Une nouvelle question d’une parlementaire sur les difficultés de l’inclusion dans nos écoles est parue au Journal Officiel, elle est parue le 27 février 2024.

La voici.

“Mme Chantal Jourdan appelle l’attention de Mme la ministre de l’éducation nationale et de la jeunesse sur les alertes de la communauté éducative ainsi que des parents d’élèves concernant la réalité de l’inclusion des élèves en situation de handicap à l’école.

Elle souhaite tout d’abord redire son attachement à l’objectif indispensable de permettre à chaque enfant porteur de handicap de trouver sa place dans la société et donc en milieu scolaire dit «ordinaire».

Cela doit se traduire par une véritable politique inclusive, bénéfique pour tous les enfants, pour le vivre ensemble et l’égalité des chances. Tout doit être mis en œuvre pour que cette inclusion se fasse dans la préservation du bien-être des enfants en situation de handicap.

Or sur le terrain, ce n’est pas toujours ce que l’on peut constater. Cela est dû en très grande partie à un manque de moyens humains et financiers. En effet, les politiques inclusives des dernières années n’ont pas été accompagnées de budgets suffisants, de créations de postes et de formations nécessaires.

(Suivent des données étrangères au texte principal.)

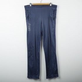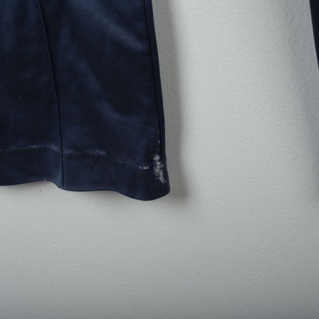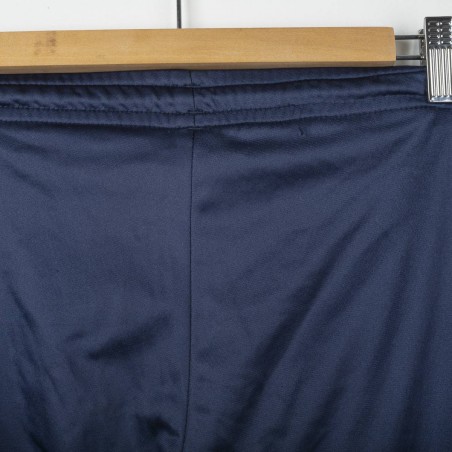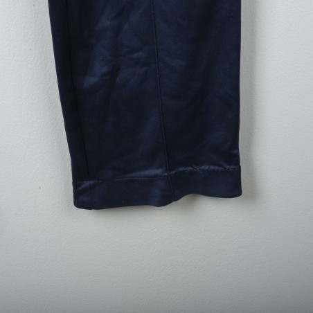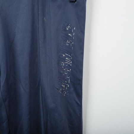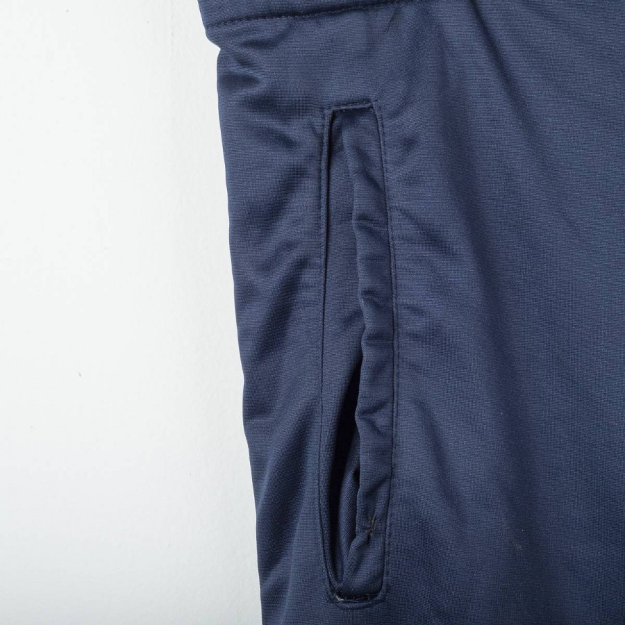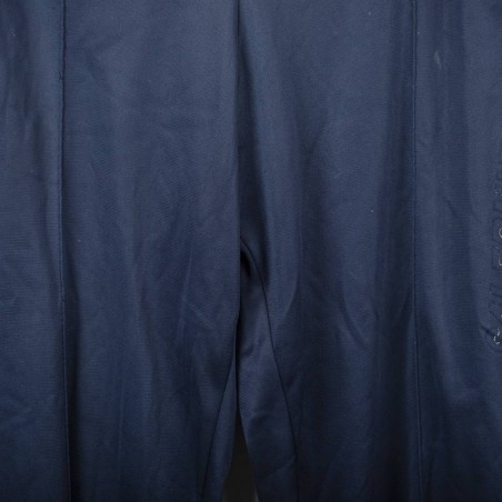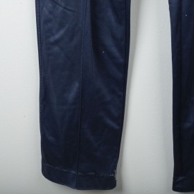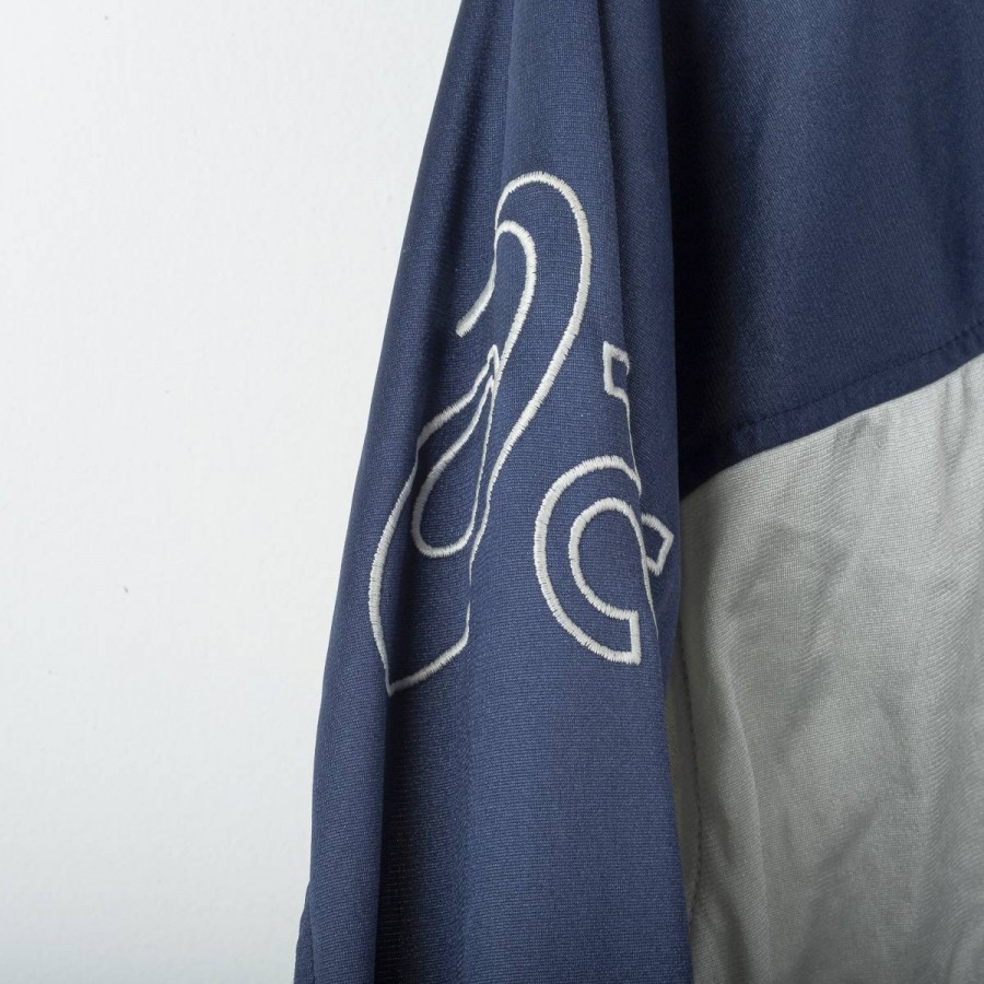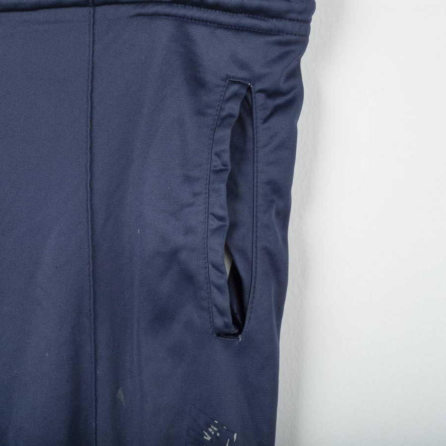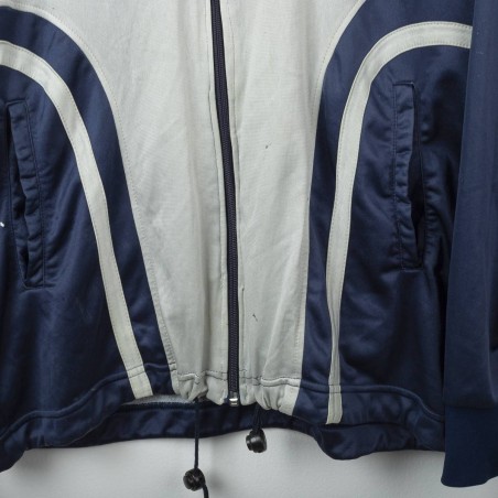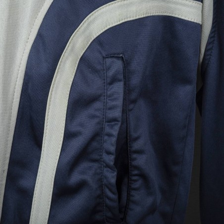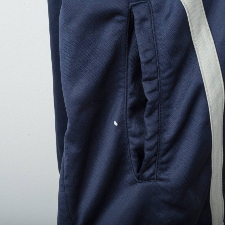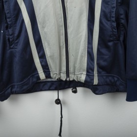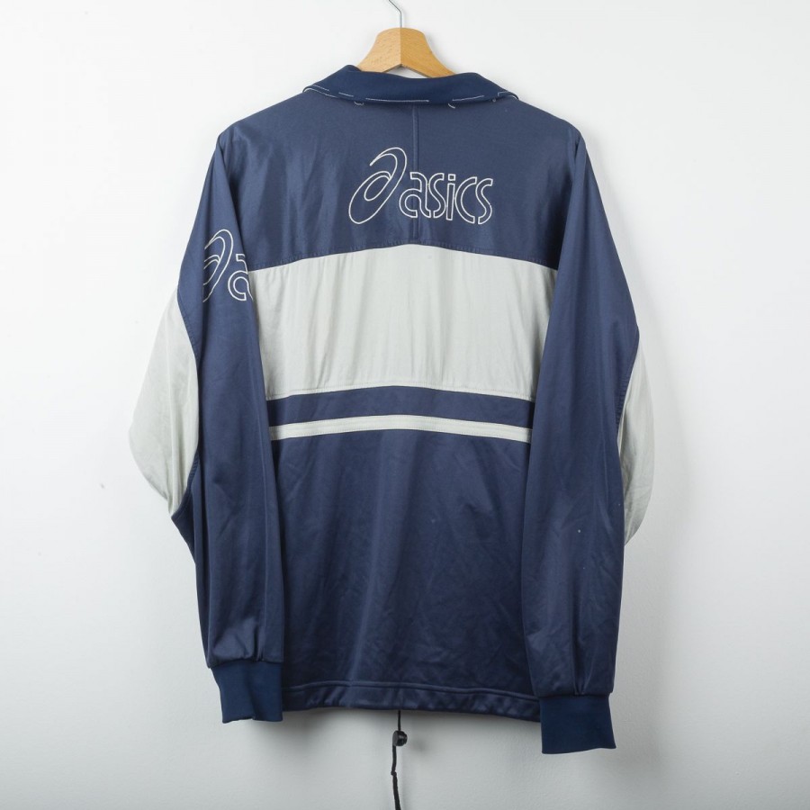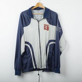 Tuta Asics della Salernitana, stagione 1997/1998. Modello nei colori blu navy e grigio con dettagli bianchi. Giacca con zip intera frontale, tasche laterali e coulisse regolabile in vita. Sul petto, stemma ricamato della U.S. Salernitana 1919 e logo Asics ricamato lato destro. Logo Asics applicato anche sulla manica e sul retro. Pantaloni coordinati blu navy con logo Asics ricamato sulla gamba. Taglia M.
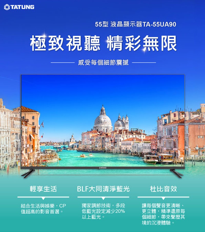 【TATUNG 大同】55型液晶顯示器/無視訊盒TA-55UA90~送基本安裝
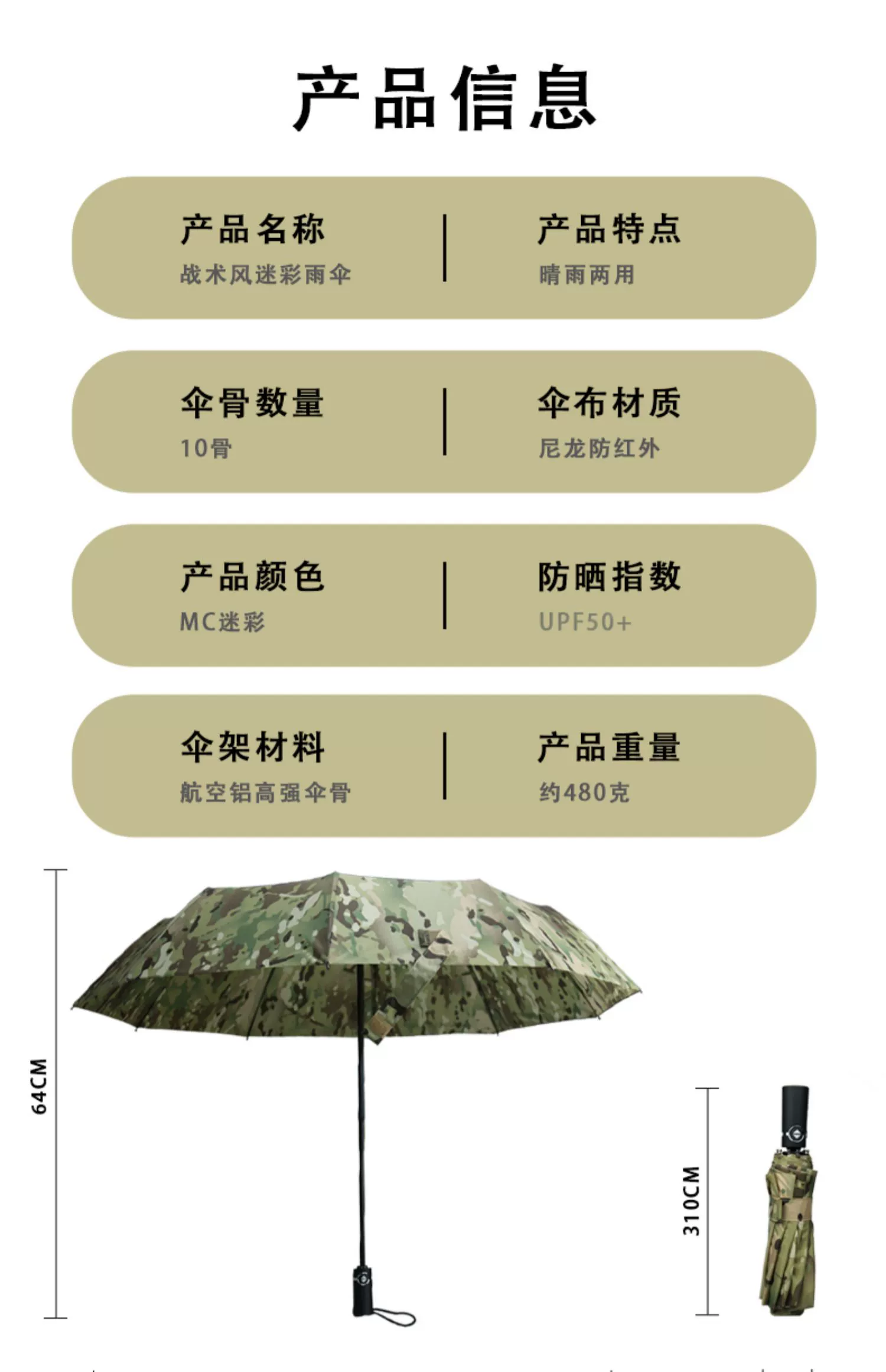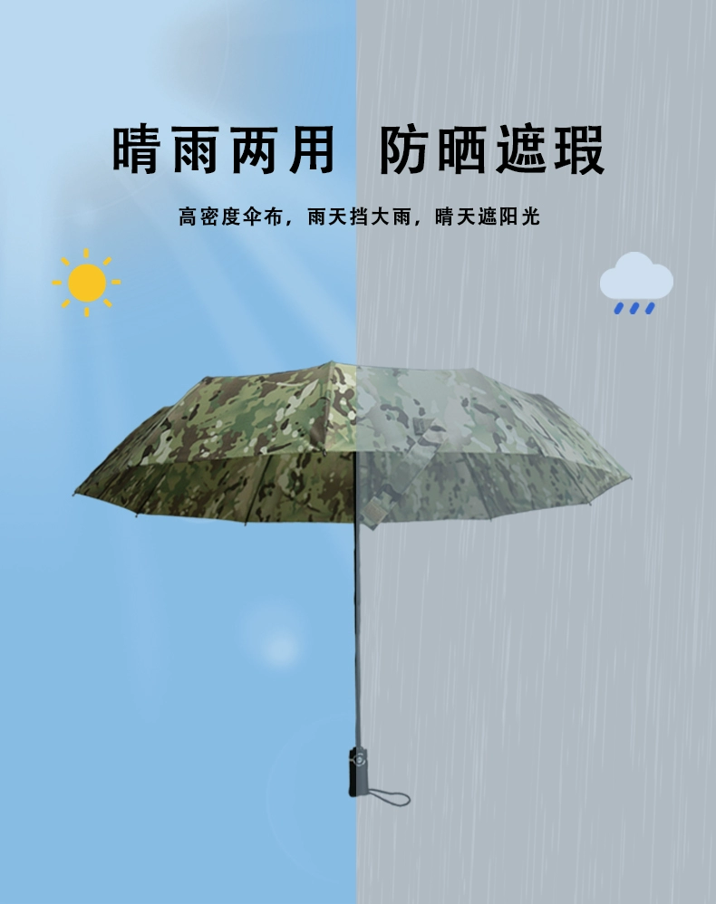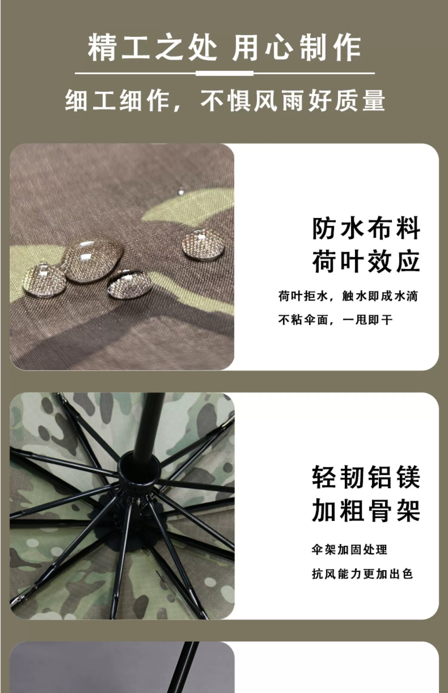 Paraguas plegable reforzado completamente automático del camuflaje IRR del estilo táctico al aire libre

Tout d’abord, l’accompagnement des enfants est souvent défaillant par manque de professionnels tels que les infirmiers, psychologues et assistants sociaux qui doivent être des interlocuteurs privilégiés pour les familles et les enseignants.

En conséquence, de nombreux enfants se trouvent sans solution adaptée à leur situation. A l’école, pour réussir l’inclusion, le rôle des accompagnants des élèves en situation de handicap (AESH) est primordial.

Malheureusement, ce métier reste très peu attractif au regard des salaires, des conditions de travail et de la formation insuffisante. Certains enfants sont privés des accompagnements nécessaires. In fine, les enseignants se retrouvent bien souvent seuls face à des enfants présentant des signes de souffrance qu’ils ne peuvent soulager et qui altèrent la bonne qualité des relations attendues dans une vie de classe.

Dans un contexte où les conditions d’enseignement sont déjà de plus en plus difficiles, avec des effectifs encore trop importants, des remplacements non assurés, des problématiques annexes qui viennent s’ajouter à la charge de travail des enseignants, l’inclusion des enfants porteurs de handicap perd son objectif premier.

Malgré la volonté des professeurs d’adapter leurs enseignements à destination de tous, ils se retrouvent démunis face à certains troubles. Il est évident que la formation des enseignants et la présence de professionnels qualifiés à leurs côtés doivent être renforcées.

Par ailleurs, alors que la loi l’oblige, il est avéré les enfants relevant de dispositifs spécialisés ne sont pas comptabilisés dans les effectifs des classes au moment de la carte scolaire et des dotations horaires globales. Ils rejoignent alors des classes surchargées dans lesquelles l’accueil ne peut être optimal. Cela est absolument anormal.

Dans ce contexte, la mise en place des groupes de niveau au collège risque de renforcer l’ensemble de ces problématiques, d’ajouter de la stigmatisation et d’affaiblir les effets positifs de l’inclusion pour les enfants en situation de handicap et pour le vivre ensemble.

Aussi, elle souhaiterait savoir ce que le Gouvernement compte faire, en urgence et sur le long terme, pour permettre au système d’inclusion en milieu scolaire de retrouver toute sa pertinence et ses bénéfices.”